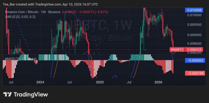 The BNBBTC weekly pair, timestamped 16:07 UTC, trades at 0.008325 (-0.87%). Parabolic SAR dots hover above price, confirming relative weakness against Bitcoin in the near term.
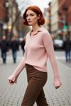 Ürün Özellikleri: Regular kalıp, 80% akrilik ve 20% polyester materyal, düz desen, apaş yaka, standart kol, triko kumaş, pembe renk.
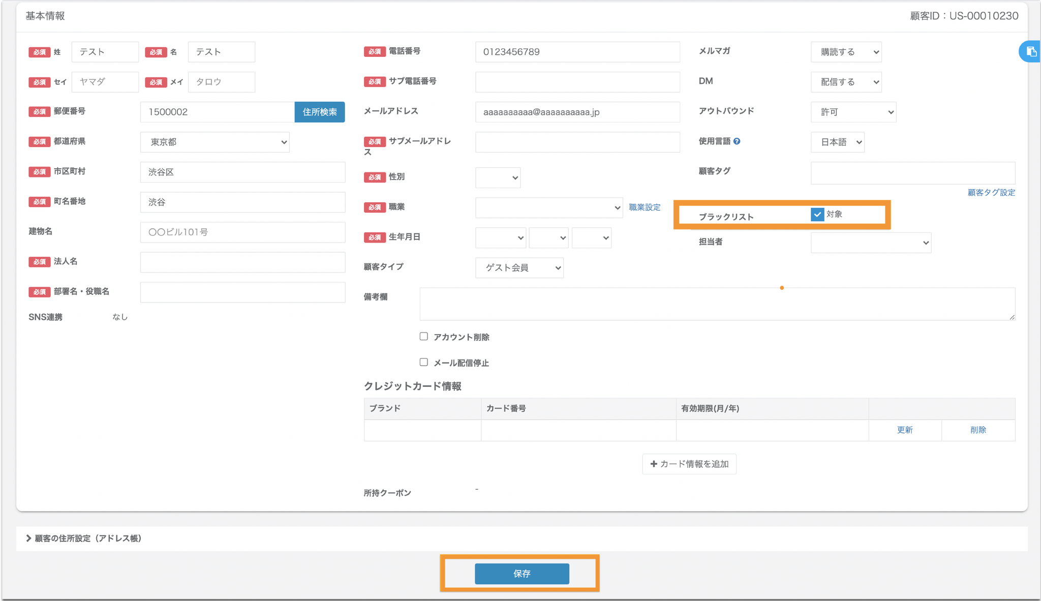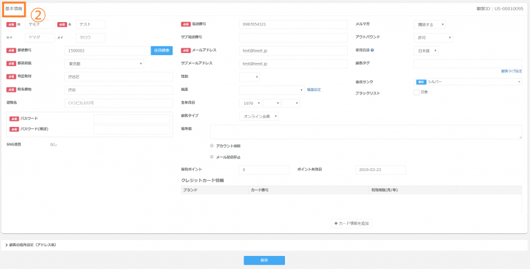 ⑥「保存」ボタンをクリックしますと顧客情報が登録されます。
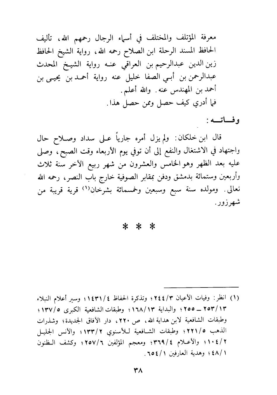 معرفة المؤتلف والمختلف في أسماء الرجال رحمهم الله، تأليف الحافظ المسند الرحلة ابن الصلاح رحمه الله، رواية الشيخ الحافظ زين الدين عبد الرحيم بن العراقي عنه رواية الشيخ المحدث عبد الرحمن بن أبي الصفا خليل عنه رواية أحمد بن يحيى بن أحمد بن المهندس عنه. والله أعلم.
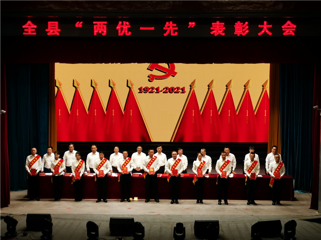 會議在雄壯的國歌聲中拉開帷幕,會上,縣委常委、組織部長梁宏宇宣讀了縣委表彰決定,與會領導為優秀共產黨員代表、優秀黨務工作者代表、先進基層黨組織代表進行了頒獎。會上授予拜泉鎮星火社區黨總支等64個基層黨組織「先進基層黨組織」稱號,授予張洪亮等165名同志「優秀共產黨員」稱號,授予楊旭軍等67名同志「優秀黨務工作者」稱號。
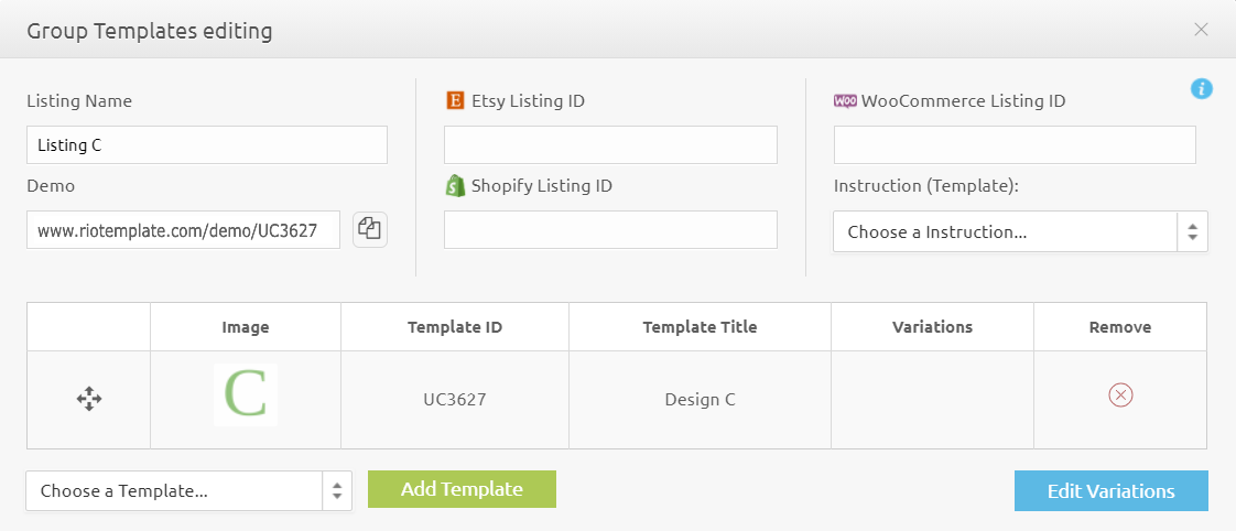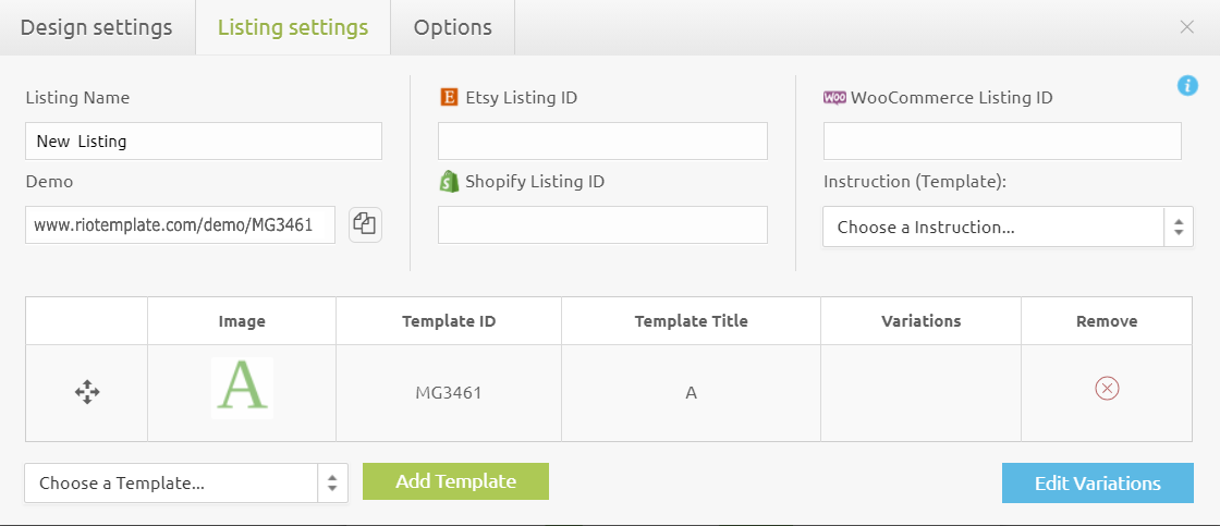 riotemplate Listings is a feature that makes it easier to organize and visually manage your designs by assigning them to listings in your riotemplate account that mirror the listings you have in your Etsy, WooCommerce, and/or Shopify stores. riotemplate Listings also make it possible to integrate with variations you may offer in your stores and offer specific designs based on the customer's variation selections at checkout.
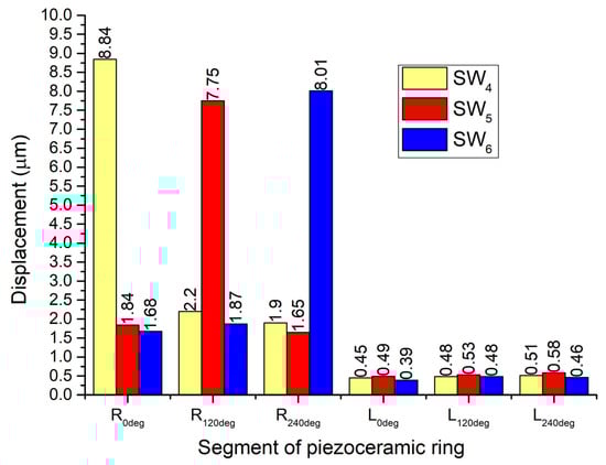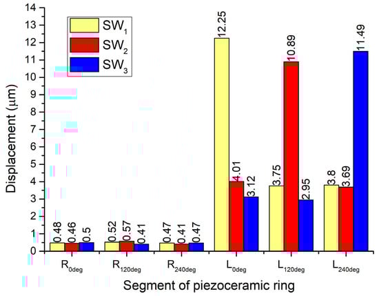 Peaks of displacement amplitudes occur at the frequency of 95.51 kHz. This confirms the results of modal analysis and impedance–frequency characteristics. The minor difference in resonant frequencies was obtained due to different electrical boundary conditions. The displacement amplitude generated by segment R0deg has a value of 8.84 μm or 176.8 nm/Vp-p, while displacement amplitudes of passive segments R120deg and R240deg reached 2.2 μm. The average vibrations coupling ratio between these segments is 4.01. It must be noted that segments L0deg–L240deg vibrate as well; however, the amplitudes of vibrations are much smaller.

## What you will do
Retype nothing except the lines from the first line of the listing above through the line with "Ürün Özellikleri: Regular", exactly as they stand, and no pictures.

## Written answer
 The BNBBTC weekly pair, timestamped 16:07 UTC, trades at 0.008325 (-0.87%). Parabolic SAR dots hover above price, confirming relative weakness against Bitcoin in the near term.
 Ürün Özellikleri: Regular kalıp, 80% akrilik ve 20% polyester materyal, düz desen, apaş yaka, standart kol, triko kumaş, pembe renk.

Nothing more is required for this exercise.